Just Say ‘Know’ to InsurTech

InsurTech’s impact on the insurance industry is surging, reminding us of the influence that technological change and growth bring to the modern consumer, business landscapes and individual industries—the development of fintech within financial services being an example.

To gain the advantages promised by insurtech, as offerings proliferate, companies need to know the opportunities afforded; know their own strengths and capabilities for engagement; and know their clients’ needs and expectations.

The right InsurTech investment decisions can bring potential value-add opportunities to many areas including the Internet of Things, infrastructure, artificial intelligence, robotics, machine learning and data ingestion. Similarly, fundamental aspects of insurance operations—claims, underwriting, policy administration, customer experience, operations, call centers and marketing—have all been influenced by the exponential rise of technology. InsurTech has significant potential to be deployed as part of a business model where companies have deeper “touchpoints” with consumers.

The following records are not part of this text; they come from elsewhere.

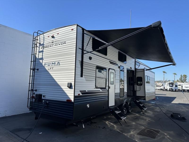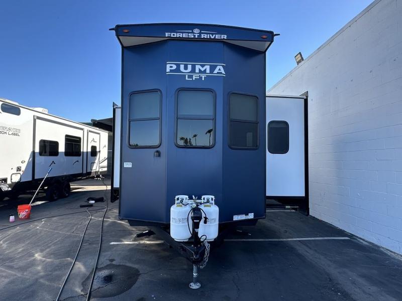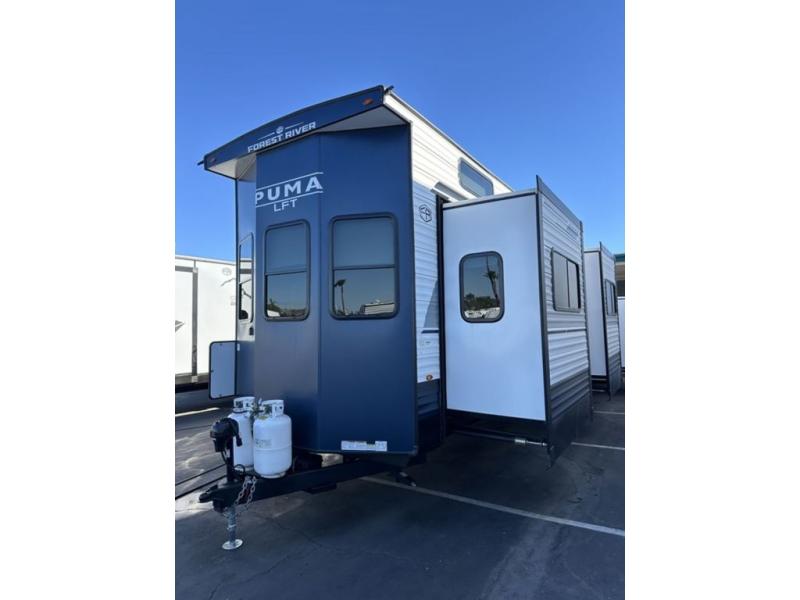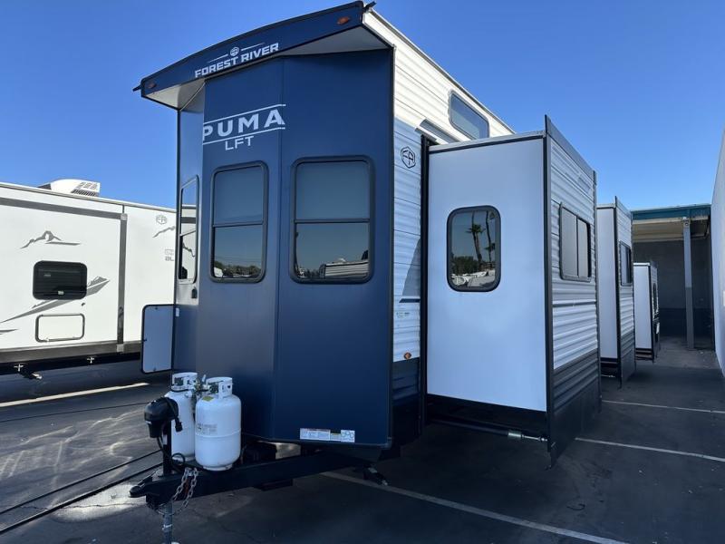 Each Puma Destination trailer by Palomino is designed to give you unforgettable getaways to the destination of your choice! The required Value Shopper Loft Package includes Congoleum designer linoleum, night roller shades, LED lighting, and a 24" stainless steel oven with a four burner stove so you can make meals just like you would at home. The tankless water heater is another feature you won't want to camp without, and there is WiFi prep, solar prep, plus optional washer and dryer prep for the option to further customize your trailer. An outside shower is included with the required Loft Package, along with two exterior speakers, solid surface countertops, four stabilizer jacks, and more!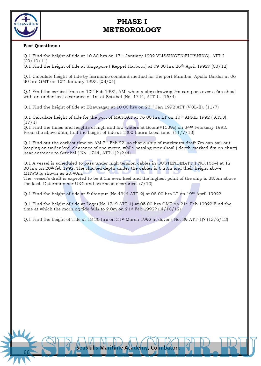 Theory and Tide Calculations as per syllabus of Mercantile Marine Department (MMD), India Examinations for Phase I (Chief Mate F.G.)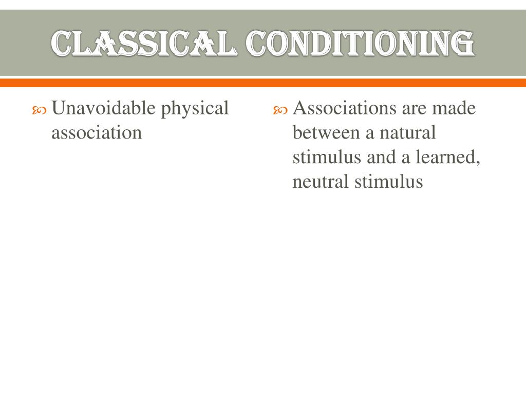 Unavoidable physical association Associations are made between a natural stimulus and a learned, neutral stimulus Classical Conditioning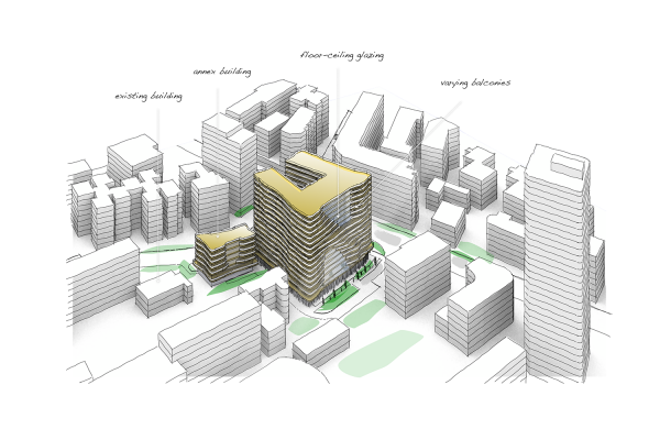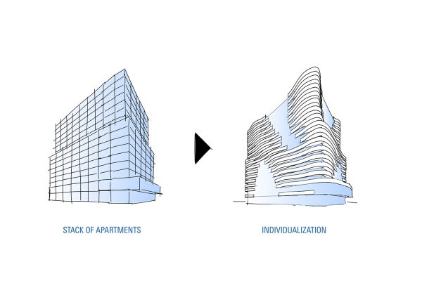 With an FAR (Floor Area Ratio) of 5.0 and many limiting conditions, a U-shaped floor plan manifested itself as optimum. The program required 400 apartments of 45-110 m2 in size, which could result in a staggering mass of identical units; to prevent this, variety and diversity is created by manipulating the balconies around the building.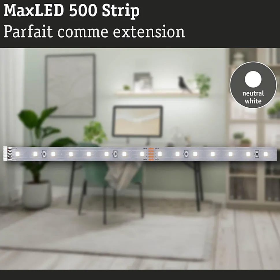 Le Strip LED MaxLED 500 blanc neutre est le choix idéal pour une solution d’éclairage moderne et particulièrement efficace en termes d’énergie. Par rapport aux luminaires traditionnels, le Strip LED consomme 40 % d’énergie en moins pour le même rendement lumineux. Le Strip convient parfaitement à l’utilisation dans les profilés et, avec une température de couleur de 4000 K, il fournit une lumière propice au travail blanc neutre et non éblouissante. À tout moment, vous pouvez créer l’ambiance lumineuse souhaitée en atténuant la luminosité de manière flexible. Le Strip est facile à raccourcir à l’aide de ciseaux et il s’adapte ainsi facilement aux conditions propres à votre pièce. Comme le Strip est facile à fixer aux meubles, aux étagères ou aux murs, de nombreuses options de décoration s’offrent à vous.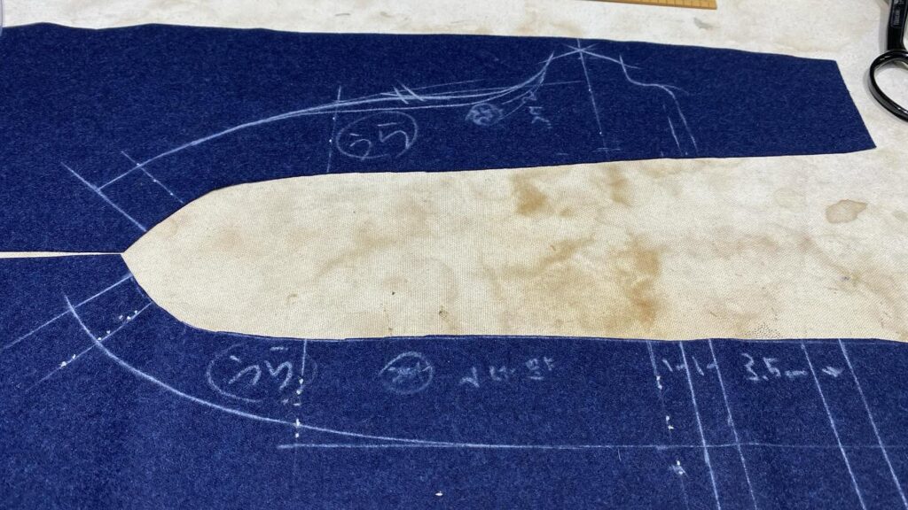 パンツの前身をくせ取りしたるので、製図よりも前身頃を製図の代わりに使って断つのがベターですね![]()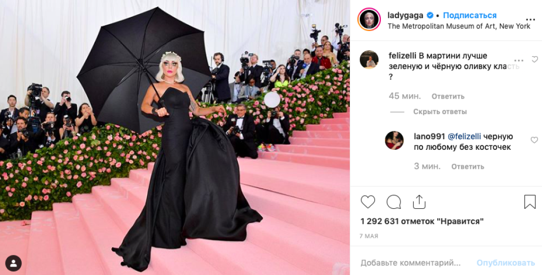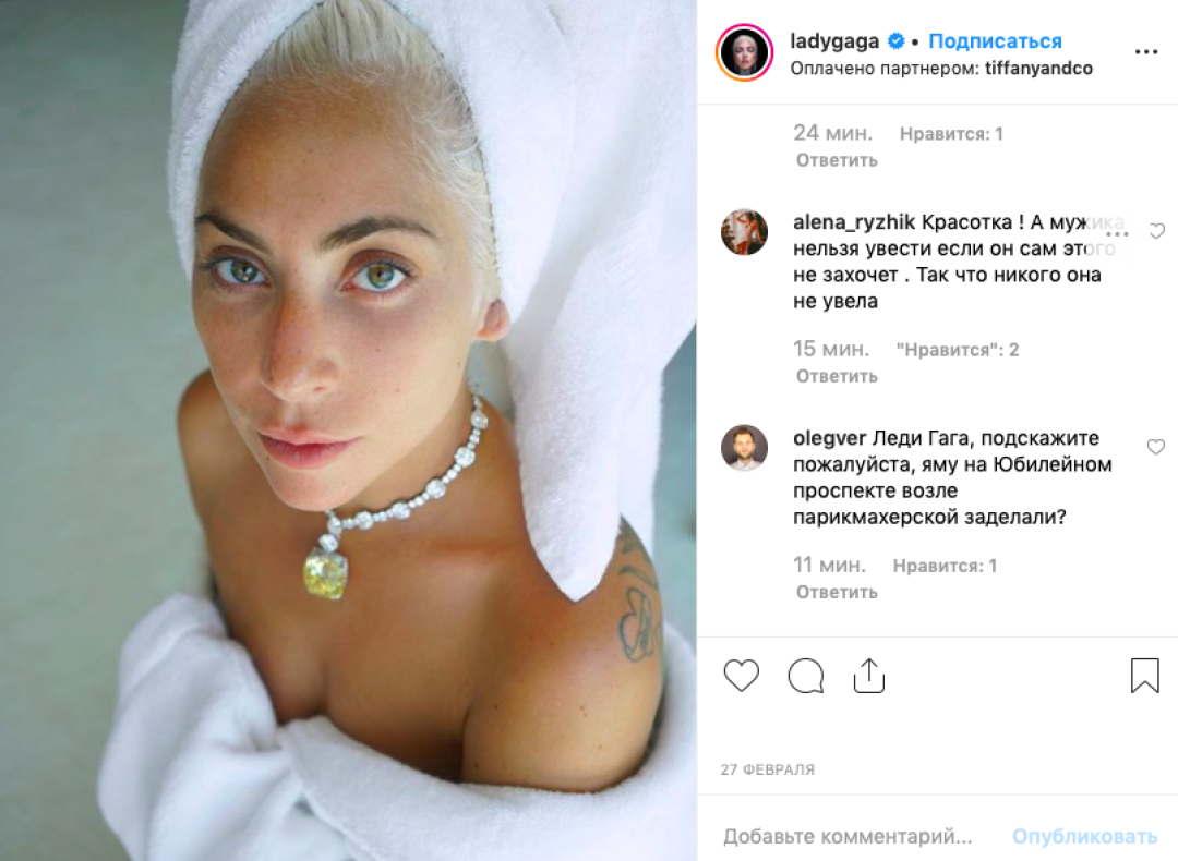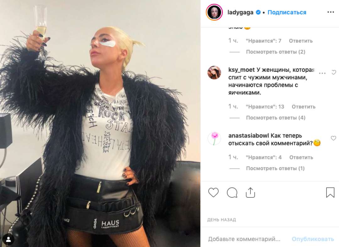 После того, как американские таблоиды рассказали о возможных отношениях исполнителей главных ролей в фильме «Звезда родилась» Леди Гаги и Брэдли Купера, инстаграм певицы превратился в чат «Одноклассников». Русские подписчики обвиняют Гагу в том, что она «увела мужа» у русской модели Ирины Шейк и пишут ей оскорбительные (и даже проклинающие!) комментарии. Впрочем, этим дело не ограничивается: под постами певицы люди также цитируют гимн России, ищут своих земляков из Магнитогорска, советуют забирать вместо Купера Евгения Петросяна, сдают квартиры, продают фермы и даже оставляют рецепты блюд. «Собака.ru» публикует некоторые из них, сохраняя орфографию и пунктуацию авторов.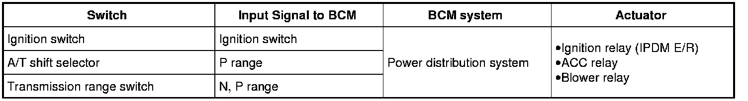 - The ignition switch operation is input to BCM as a signal. BCM changes the power supply position according to the status and operates the ignition relay (inside IPDM E/R) to supply power to each power circuit.

The InsurTech marketplace is expanding through new startups and existing companies that are gaining a deeper understanding of both the incremental and the transformational potential of InsurTech. Its reach is increasingly broad and is the evolutionary next step for insurance through the combination of data, analytics and technology. Those three support services and capabilities allow the industry to more efficiently and effectively drive down costs and increase client value. The most valuable InsurTech capabilities incorporate all three components of data, analytics and technology in order to:

  • more effectively use available data;
  • create new insights through advanced analytics; and
  • serve output to users through mobile-enabled technology.

Is Data the Hard Part?

In many ways, the proliferation of data across the modern, connected landscape has driven more innovation than either analytics or technology. Is “having” the data a key consideration for InsurTech markets and the larger insurance ecosystem? Some data sources are publically available and easily accessible, while others are clearly proprietary—such as driver behavior captured through a vendor’s telematics application. Capturing information in real time through sensors or mobile devices is the newest process for the collection of data for analytics.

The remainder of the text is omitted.